Wednesday , November 6 2024

East Africa’s great trade war

A truck loaded with goods at the Uganda-Kenya border

Kenya struggles to keep economic grip on Uganda

COVER STORY | THE INDEPENDENT | Kenya has four big exports to Uganda; palm oil (11.8%) of exports, cement 10.1%, coated flat-rolled iron 8.94%, and refined petroleum 6.27%. Together, these comprise about 40% of Kenya’s total exports to Uganda as of December 2022, according to data from the Observatory of Economic Complexity (OEC); the world’s leading data visualisation tool for international trade data. Those are the latest official figures. Total value of Kenya exports to Uganda was US$677 million.

Ten years ago, in 2012, refined petroleum was Kenya’s biggest export to Uganda. But the portfolio was more diversified and it comprised only 9.27%.  Cement featured prominently at 8.83%. But coated flat-rolled iron was just 2.22%. Salt was higher at 3.85%. Total value of exports was US$559 million.

Uganda in 2012 exported almost one item to Kenya; tea at 30.6% of exports. Others were maize at 6.98%, tobacco at 6.18%, glass bottles at 5.04% and beans 4.2%. Electricity exports were just 4.34%. Total value of exports US$237 million.

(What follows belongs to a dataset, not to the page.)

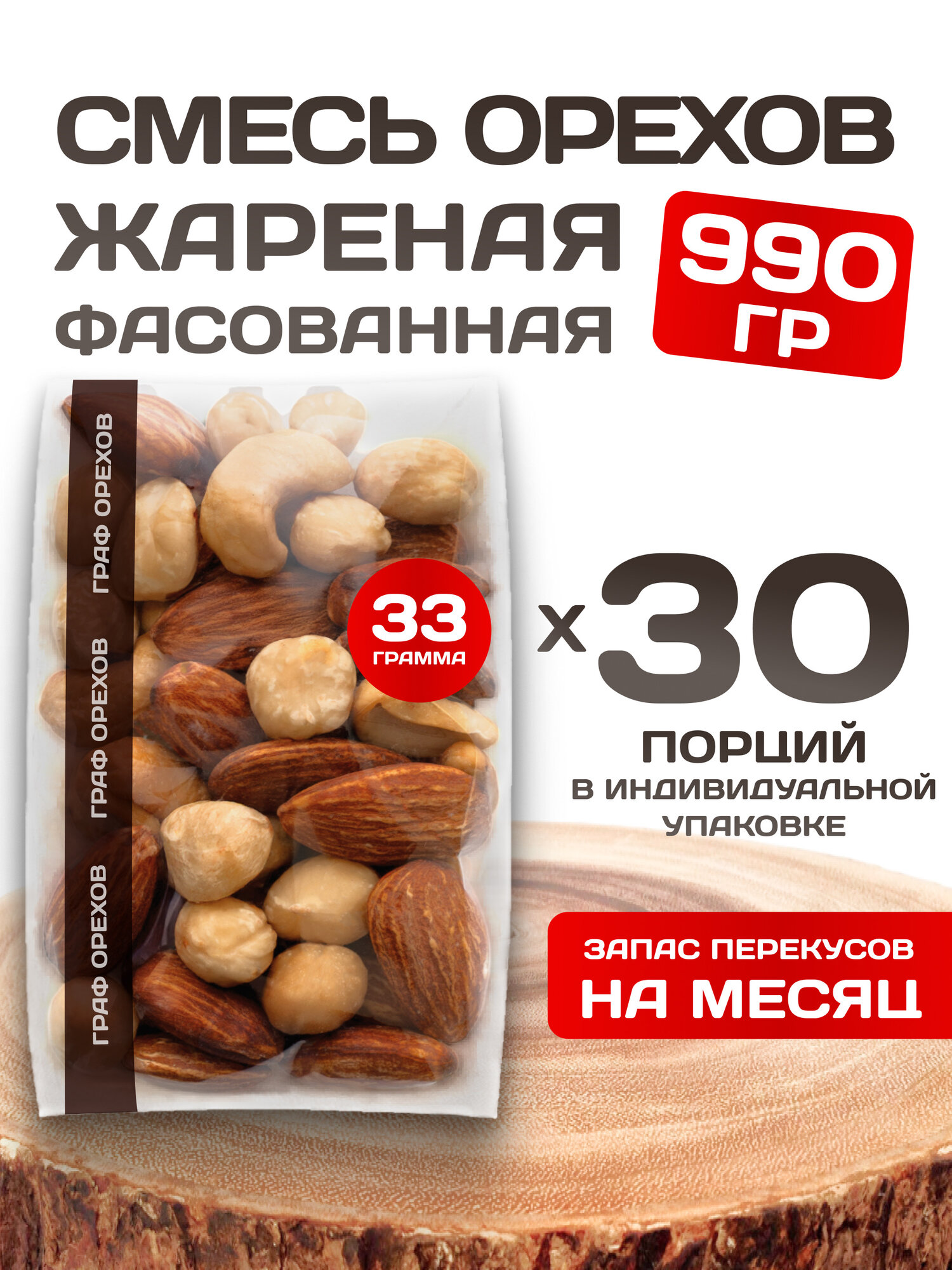Смесь жареных фасованных орехов 990 гр премиум-качества — это идеальное сочетание вкуса, пользы и свежести. В составе только тщательно отобранные ядра кешью, миндаля и фундука, обжаренные до золотистой хрустящей корочки без соли и добавок.

Ten years later, Uganda has a more diversified portfolio of exports with milk 14.3%, concentrated milk 12.8%, electricity 9.87%, raw sugar 9.72%, unglazed ceramics 5.83%, and plywood 5.44%. Tea and coffee are below 1.0% and tobacco has disappeared.  They were replaced by aluminum bars, raw iron bars, and iron blocks and iron wire. Total value of exports US$312 million.

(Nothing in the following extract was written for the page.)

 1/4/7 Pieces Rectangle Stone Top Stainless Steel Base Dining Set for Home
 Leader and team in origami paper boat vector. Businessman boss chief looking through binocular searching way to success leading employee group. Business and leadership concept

These facts and figures show that between 2012 and 2022, Uganda’s exports to Kenya changed dramatically and their value rose by 30%. Over the same period, Kenya’s exports to Uganda grew by 21%.

Kenya is a bigger economy, with much higher GDP Per Capita (over US$2000). But the slower rate of growth of its exports to Uganda, contrasting with a rapidly growing portfolio of Ugandan exports to Kenya is what is causing what has over time been described as a “trade war” between the two countries.

Kenya’s trade balance with Uganda could worsen in the coming years if Uganda successfully implements its direct importation of petroleum products in the short-term and builds an oil refinery in the long-term. Apart from direct financial implications on the Kenyan economy, that prospect also has a psychological impact. Kenya’s elite have long held the belief that “Uganda lacks options.” But that is changing. 

High cost dependence

Historically, Uganda’s political instability, poor economic management, and being landlocked has created a reliance on Kenya which remains its biggest trading partner in the region. Most of Uganda’s imports from other countries also come via the Kenyan port of Mombasa.

This over-dependence on Kenya imposes a high cost on Uganda. For example, Uganda is often shaken whenever political instability, violence or uncertainty rocks Kenya. When post-election violence broke out in Kenya in 2008, Uganda could not import or export to the outside world as hooligans blocked road transport in both directions.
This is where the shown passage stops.